What's the catch for the CEF to pay about 1% higher yields than the OEF's?

I have money in SNTIX. I picked it because it is rated as one of the lower risk tax free OEF's. But it is only yielding about 4%. Is there a catch go moving to a CEF, such as more risk or ??
 
Sorry, should have been more specific.......

What's the catch for the CEF to pay about 1% higher yields than the OEF's?

I have money in SNTIX. I picked it because it is rated as one of the lower risk tax free OEF's. But it is only yielding about 4%. Is there a catch go moving to a CEF, such as more risk or ??

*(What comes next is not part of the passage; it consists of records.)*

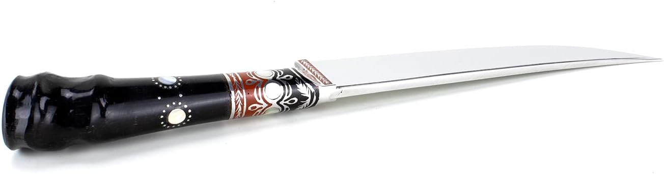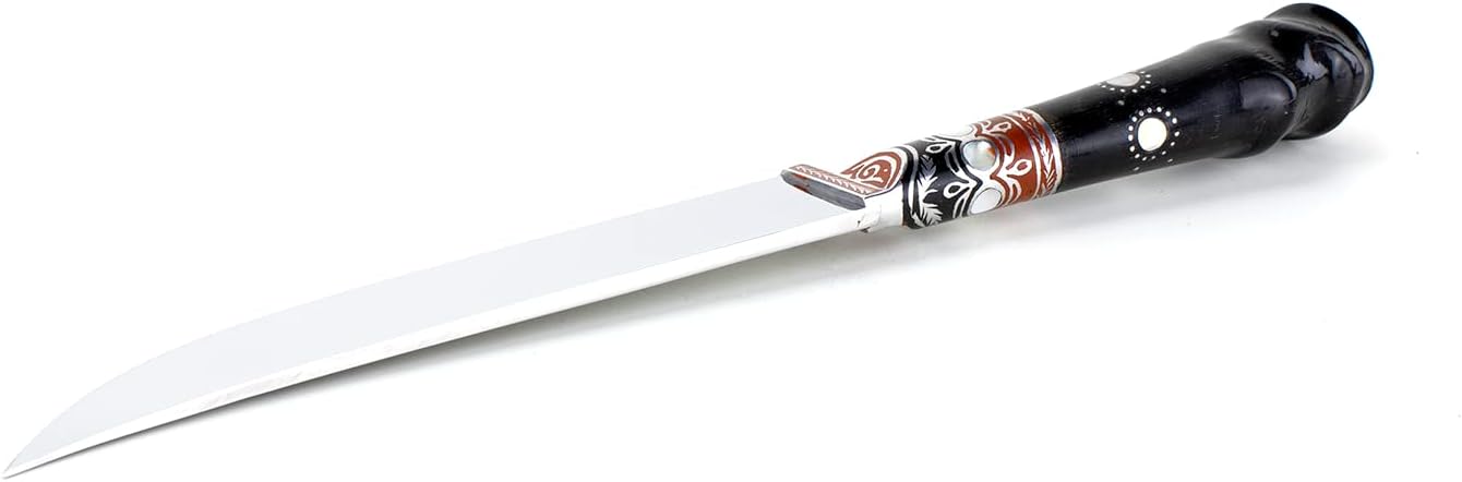 This beautiful handmade kitchen knife from Uzbekistan is perfect for any chef or food lover. The knife is made with high-quality stainless steel and is hand-forged by skilled artisans in Uzbekistan. The blade is sharp and durable, making it ideal for slicing, dicing, and chopping a variety of foods. The knife has a comfortable ergonomic handle that is designed for precision and control. The knife is perfect for both professional chefs and home cooks who want to enjoy the finest quality kitchen knives.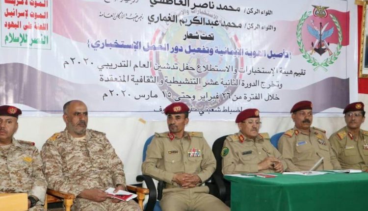 نظمت هيئة الاستخبارات العسكرية والاستطلاع اليوم فعالية بمناسبة تدشين العام التدريبي 2020م واختتام دورة تخصصية لضباط شعبتي الاستخبارات في مأرب والجوف بعنوان تأصيل الهوية الإيمانية وتفعيل دور العمل الإستخباري.
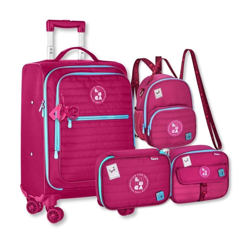 Kit Mala Escolar Luluca Rodinhas 360 Lancheira e Estojo
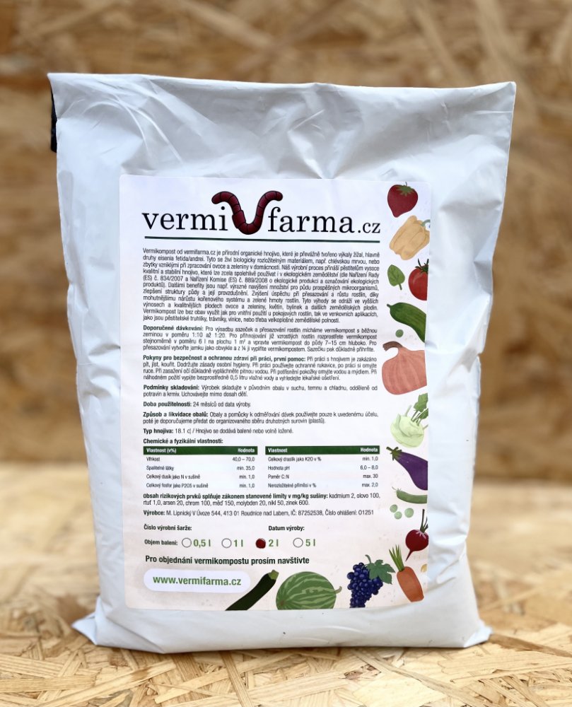 Vermikompost od vermifarma.cz je zcela přírodní organické hnojivo, které je převážně tvořeno výkaly žížal. Náš výrobní proces přináší pěstitelům vysoce kvalitní a stabilní hnojivo, které lze zcela spolehlivě používat i v ekologickém zemědělství. Náš vermikompost výrazně navyšuje množství pro půdu prospěšných mikroorganismů, zlepšení struktury půdy a její provzdušnění, což zvyšuje úspěšnost při pře...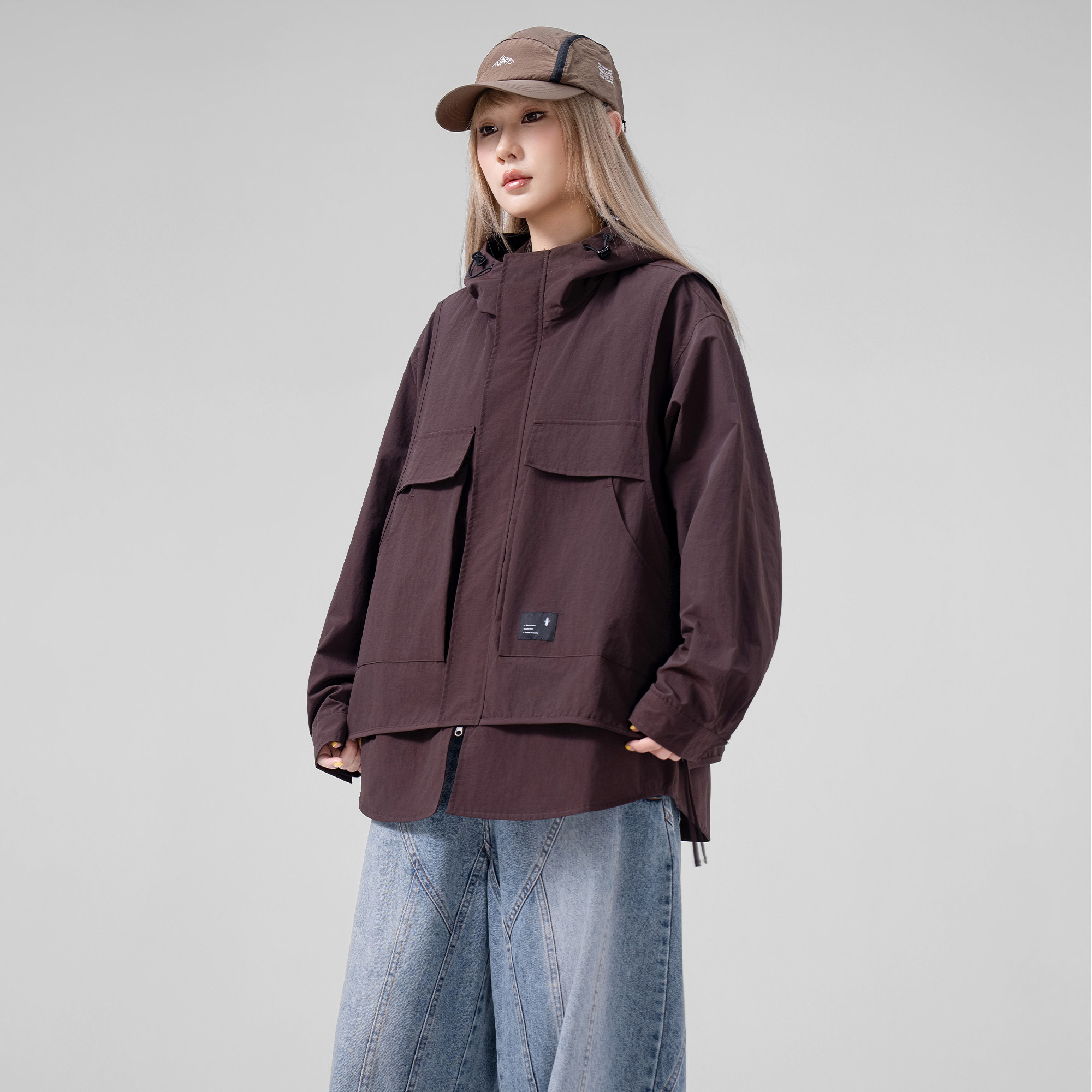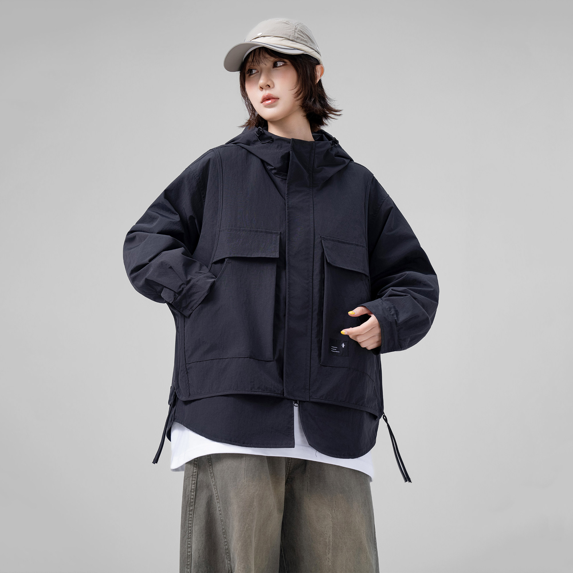 AOGZ美式工装假两件夹克男女春季新款户外宽松设计感拼接冲锋外套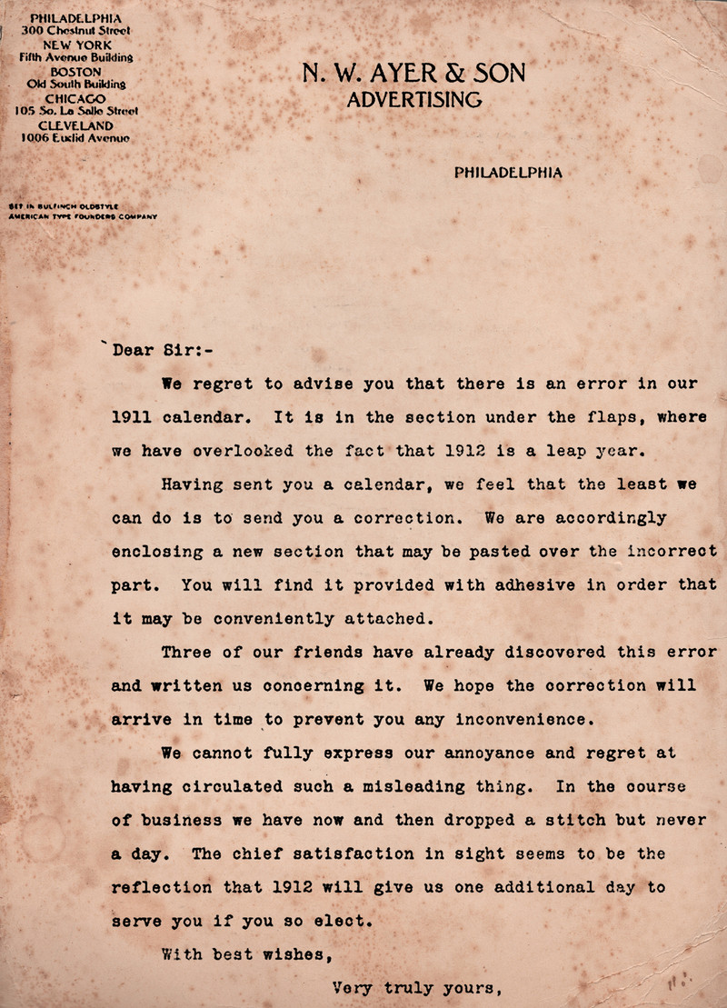 If you've ever made a mortifying mistake, recall the calendar maker who forgot about leap year.  From Letters that Make Good, 1915.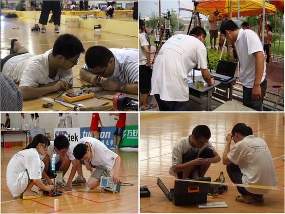 同学们在比赛现场调试设备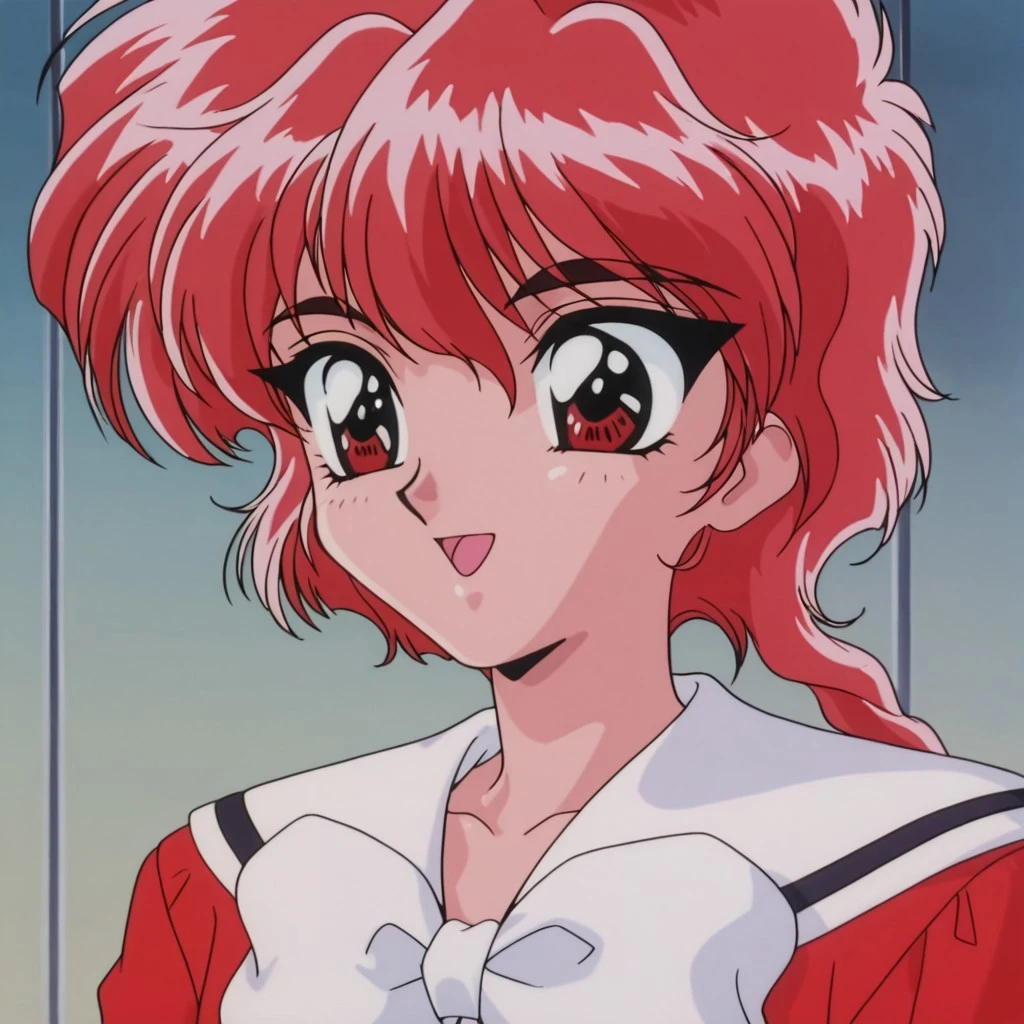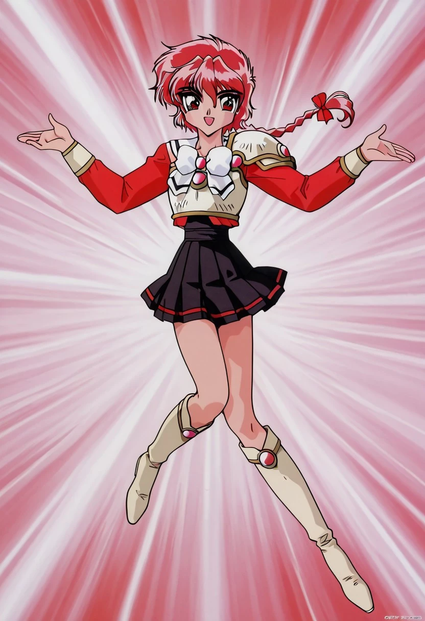 1girl ,solo, Hikaru Shidou, red eyes, short hair, red hair, braid, single braid, red hairbow, school uniform, blazer, white bow, sailor collar, black and red pleatered skirt, red socks, black loafer,1990s (style), retro artstyle, official style,
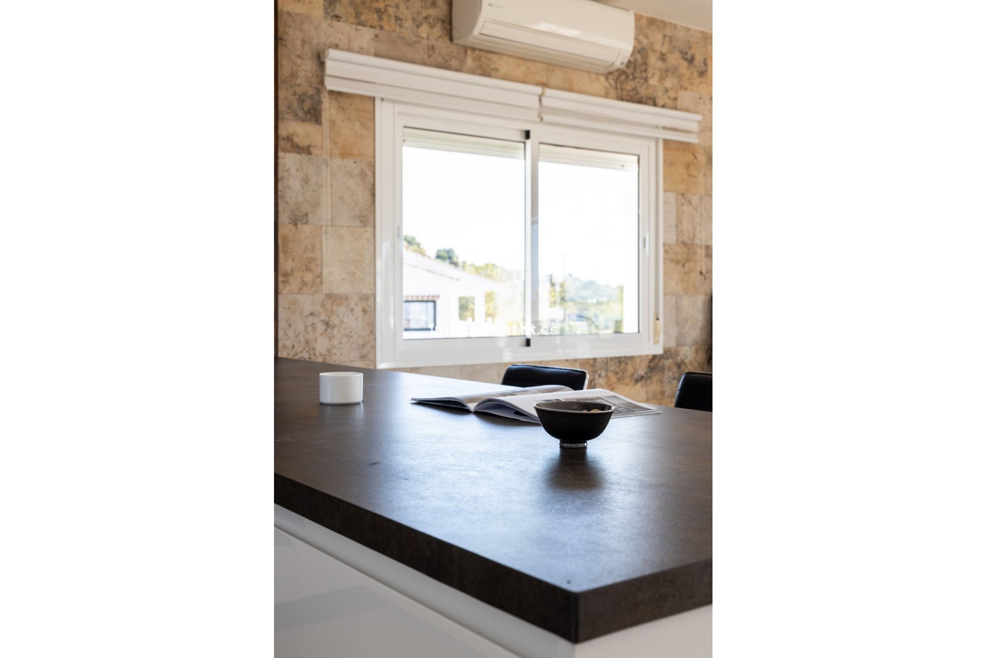 Downstairs there is another 54m2 room and a kitchen, which can be used to make a separate apartamento. On the same level is the garden and swimming pool area, which also has a view of the Mediterranean Sea.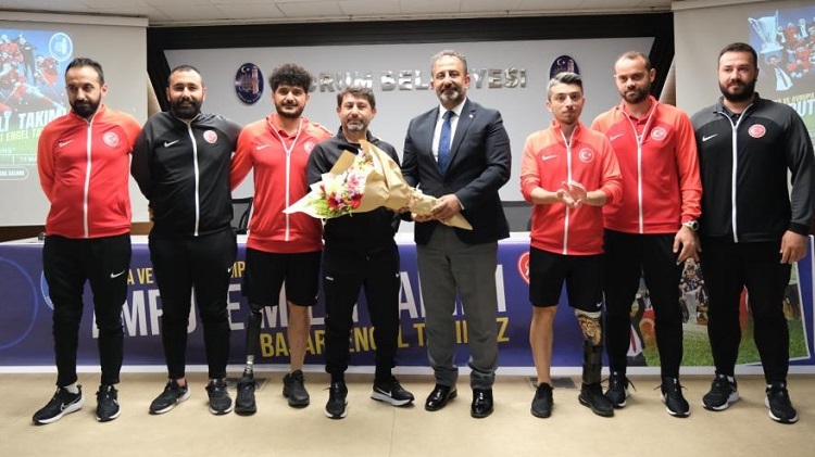 Ampute milli takım oyuncularından Şehmuz Erdinç ise, engellilerin neleri başardığını dünyaya gösterdiklerini belirterek, “Türkiye’de ampute futbol biraz hızlı gelişti. Bu işe medyanın büyük desteği oldu. Avrupa şampiyonu olduğumuzda gündeme geldik. Sosyal medyanın ve medyanın etkisi çok büyük. Bizler kimsenin engelli olmasını istemiyoruz. Ancak doğuştan engelli vatandaşlarımız, sonradan engelli olan vatandaşlarımızın neler başarabileceğini insanlara göstermiş olduk. Sadece Türk halkına değil dünyaya da göstermiş olduk. Bizi çok sevmeyen Avrupa’ya da göstermiş olduk. İki kez Avrupa şampiyonu olduk. Üçüncü Avrupa şampiyonluğuna gidiyoruz. Bizi gerçekten nefret derecesinde sevmiyorlar. Ama biz ay-yıldızlı bayrağımız için, onu göndere çekip İstiklal Marşımızı okutmak için elimizden geleni yapacağız” dedi. Program sonra Belediye Başkan Vekili İsmail Yağbat, söyleşiye katılan Teknik Direktör İsmail Temiz, Barış Telli, Emin Tiryaki, Umutcan Günay, Coşkun Peker, Şehmuz Erdinç ve Erdi Arslan’a çiçek verdi. (İHA)

Not a catch, but one possible explanation of the higher yield on the CEF's is that they are selling at discounts to their net aset value--close to historic high discounts right now. The discounts widened this summer as the credit markets had their turmoil.
 
The December issue of Smart Money column, Streetsmart Strategies, disusses them and opines on CEF's "the babies were thrown out with the bathwater" (page 40, 12/07 Smart Money mag).
 
oh, I see what you mean - I think like Robert said part of the reason is the share prices are below the NAV - of the 4 I own the discount ranges from about 2-9%

NUV NXP NXR NXQ
 
oh, I see what you mean - I think like Robert said part of the reason is the share prices are below the NAV - of the 4 I own the discount ranges from about 2-9%

NUV NXP NXR NXQ

Thanks Danny, I'll check those out. An extra 1% would be meaningful.

Edited: OK, took a quick look. Duration is significantly longer so one catch would be higher volitility with interest rate swings. That might not be a good thing since I'll be selling my tax free funds in a year or so once deferred comp ends and I'm living on portfolio withdrawals (future lower tax bracket). But, more research needed. Thanks for mentioning this.